The first vision for G was to do for measurement systems what excel did for accounting. Now the vision is to be the google earth of your development project, letting you go from high level system views down do fine details in FPGA signals. Do you ever create systems abridging the realms of Desktop|Embedded|FPGA ? Picture this: a graphical programing language diagram suitable for designing such a system. You may have written your last line of code. By the way, how else were you going to use that shiny new tablet?

Graphical System Design with G

Marcus Johnson

Marcus is a seasoned system architect, building measurement and control systems for more than a decade. His mission is to bring software industry best practices into the world of industrial and scientific systems, predominately graphically designed. After years of presenting and training, the tables have turned and Marcus is now also a G-Evangelist, presenting the experience of graphically designing advanced real-time systems and FPGAs to the traditional software engineering industry.

14:05-14:55

Haskell

Haskell is now quite widely used, but its most important contributions are the ideas that it embodies. In this talk I will focus on one of these ideas, namely type classes, with a few anecdotes and reflections along the way about the process of developing the language.   Type classes are probably Haskell's most distinctive feature. The original idea is very neat and, better still, it led to a long series of subsequent generalisations and innovations. Indeed, although the language is now nineteen years old, Haskell's type system is still in a state of furious development. For example, I am involved in adding type-level functions to Haskell, as I will briefly describe.   I will explain what type classes are, how they differ from the classes of mainstream object oriented languages, why I think they are so cool, and what the hot topics are. I'll give plenty of examples, so you don't need to already know Haskell.

Haskell

Simon Peyton Jones

Simon Peyton Jones, MA, MBCS, CEng, graduated from Trinity College Cambridge in 1980. After two years in industry, he spent seven years as a lecturer at University College London, and nine years as a professor at Glasgow University, before moving to Microsoft Research (Cambridge) in 1998. His main research interest is in functional programming languages, their implementation, and their application. He has led a succession of research projects focused around the design and implementation of production-quality functional-language systems for both uniprocessors and parallel machines. He was a key contributor to the design of the now-standard functional language Haskell, and is the lead designer of the widely-used Glasgow Haskell Compiler (GHC). He has written two textbooks about the implementation of functional languages.

15:15-16:05

Modeling concurrency in Ruby and beyond

The world of concurrent computation is a complicated one. We have to think about the hardware, the runtime, and even choose between half a dozen different models and primitives: fork/wait, threads, shared memory, message passing, semaphores, and transactions just to name a few. And that's only the beginning.What about "alternative concurrency models"? Can you name any, how are they different, what do they give us? Stop by to learn about CSP, Actor, and other models, in Ruby and beyond.

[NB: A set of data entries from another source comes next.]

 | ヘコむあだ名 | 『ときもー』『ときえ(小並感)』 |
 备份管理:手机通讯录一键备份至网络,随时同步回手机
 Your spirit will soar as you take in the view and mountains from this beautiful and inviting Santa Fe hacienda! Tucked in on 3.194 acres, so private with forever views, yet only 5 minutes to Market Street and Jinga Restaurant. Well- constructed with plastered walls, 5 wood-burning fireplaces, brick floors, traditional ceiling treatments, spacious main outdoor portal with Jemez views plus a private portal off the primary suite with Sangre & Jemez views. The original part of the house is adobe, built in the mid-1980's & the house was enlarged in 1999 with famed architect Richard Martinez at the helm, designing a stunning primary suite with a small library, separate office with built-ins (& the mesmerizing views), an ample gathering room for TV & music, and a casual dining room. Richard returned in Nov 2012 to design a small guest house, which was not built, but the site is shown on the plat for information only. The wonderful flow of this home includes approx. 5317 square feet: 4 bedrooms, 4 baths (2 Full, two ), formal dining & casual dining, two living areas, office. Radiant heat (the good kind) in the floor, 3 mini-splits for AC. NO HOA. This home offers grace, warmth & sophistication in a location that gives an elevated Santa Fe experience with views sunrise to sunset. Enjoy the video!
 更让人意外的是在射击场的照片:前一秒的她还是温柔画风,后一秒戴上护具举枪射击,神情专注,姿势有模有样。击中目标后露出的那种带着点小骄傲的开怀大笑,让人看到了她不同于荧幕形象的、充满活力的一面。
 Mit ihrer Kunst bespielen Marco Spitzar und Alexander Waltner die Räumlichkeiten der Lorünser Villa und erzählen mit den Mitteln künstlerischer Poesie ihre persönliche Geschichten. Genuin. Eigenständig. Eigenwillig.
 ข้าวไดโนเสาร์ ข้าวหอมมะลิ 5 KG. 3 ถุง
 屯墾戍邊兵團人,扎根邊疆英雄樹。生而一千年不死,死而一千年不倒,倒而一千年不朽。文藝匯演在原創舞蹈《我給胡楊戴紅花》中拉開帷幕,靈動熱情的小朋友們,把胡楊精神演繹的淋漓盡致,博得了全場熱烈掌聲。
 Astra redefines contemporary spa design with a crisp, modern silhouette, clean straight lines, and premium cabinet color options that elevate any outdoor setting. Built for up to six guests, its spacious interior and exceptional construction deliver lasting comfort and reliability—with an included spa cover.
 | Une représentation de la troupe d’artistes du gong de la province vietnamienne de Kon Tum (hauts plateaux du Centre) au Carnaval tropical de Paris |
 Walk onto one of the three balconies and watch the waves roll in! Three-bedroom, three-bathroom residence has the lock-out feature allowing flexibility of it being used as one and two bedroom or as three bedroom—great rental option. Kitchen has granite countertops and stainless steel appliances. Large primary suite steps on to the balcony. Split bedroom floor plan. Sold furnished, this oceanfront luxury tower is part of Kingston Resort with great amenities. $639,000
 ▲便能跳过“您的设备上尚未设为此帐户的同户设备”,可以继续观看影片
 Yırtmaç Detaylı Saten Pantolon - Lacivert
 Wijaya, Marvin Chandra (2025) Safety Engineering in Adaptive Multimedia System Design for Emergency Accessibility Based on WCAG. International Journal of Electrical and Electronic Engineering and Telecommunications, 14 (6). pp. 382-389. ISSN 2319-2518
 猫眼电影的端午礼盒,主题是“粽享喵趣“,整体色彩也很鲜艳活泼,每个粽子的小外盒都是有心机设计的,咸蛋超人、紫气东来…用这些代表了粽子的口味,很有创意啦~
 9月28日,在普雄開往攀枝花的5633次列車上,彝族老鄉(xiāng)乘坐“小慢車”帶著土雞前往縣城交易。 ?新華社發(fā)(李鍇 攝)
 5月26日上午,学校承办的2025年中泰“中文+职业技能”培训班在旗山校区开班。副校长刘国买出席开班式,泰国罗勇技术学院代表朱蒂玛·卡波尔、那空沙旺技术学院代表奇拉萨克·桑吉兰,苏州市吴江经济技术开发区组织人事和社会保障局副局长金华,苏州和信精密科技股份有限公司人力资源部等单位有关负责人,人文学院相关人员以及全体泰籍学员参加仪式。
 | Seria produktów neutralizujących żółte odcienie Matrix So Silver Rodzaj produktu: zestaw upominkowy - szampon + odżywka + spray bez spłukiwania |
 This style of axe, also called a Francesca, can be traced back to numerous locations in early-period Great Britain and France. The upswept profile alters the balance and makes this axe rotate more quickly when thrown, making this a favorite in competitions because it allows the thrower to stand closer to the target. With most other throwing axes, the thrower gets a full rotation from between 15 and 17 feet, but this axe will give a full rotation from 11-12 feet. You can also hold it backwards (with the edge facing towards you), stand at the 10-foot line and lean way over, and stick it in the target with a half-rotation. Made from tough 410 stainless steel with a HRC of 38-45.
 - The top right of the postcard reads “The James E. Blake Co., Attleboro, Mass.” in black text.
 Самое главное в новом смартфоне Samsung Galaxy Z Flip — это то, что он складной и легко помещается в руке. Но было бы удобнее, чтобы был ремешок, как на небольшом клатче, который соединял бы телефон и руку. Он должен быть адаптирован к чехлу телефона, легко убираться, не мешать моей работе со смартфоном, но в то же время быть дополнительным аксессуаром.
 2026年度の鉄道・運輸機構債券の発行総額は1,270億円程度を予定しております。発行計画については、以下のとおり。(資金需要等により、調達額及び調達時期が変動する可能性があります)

Modeling concurrency in Ruby and beyond

Ilya Grigorik

Ilya Grigorik is a developer, an open-source and Ruby evangelist, a data-geek, and a proverbial early adopter of all things digital. Now living in the San Francisco Bay Area, Ilya is working on Social Analytics @ Google. Prior to joining the Google Analytics team, Ilya was the founder and CTO of PostRank, a social web analytics company which was acquired by Google in June 2011. In 2008, Ilya was the recipient of the Ruby Hero award for his contributions to the Ruby community.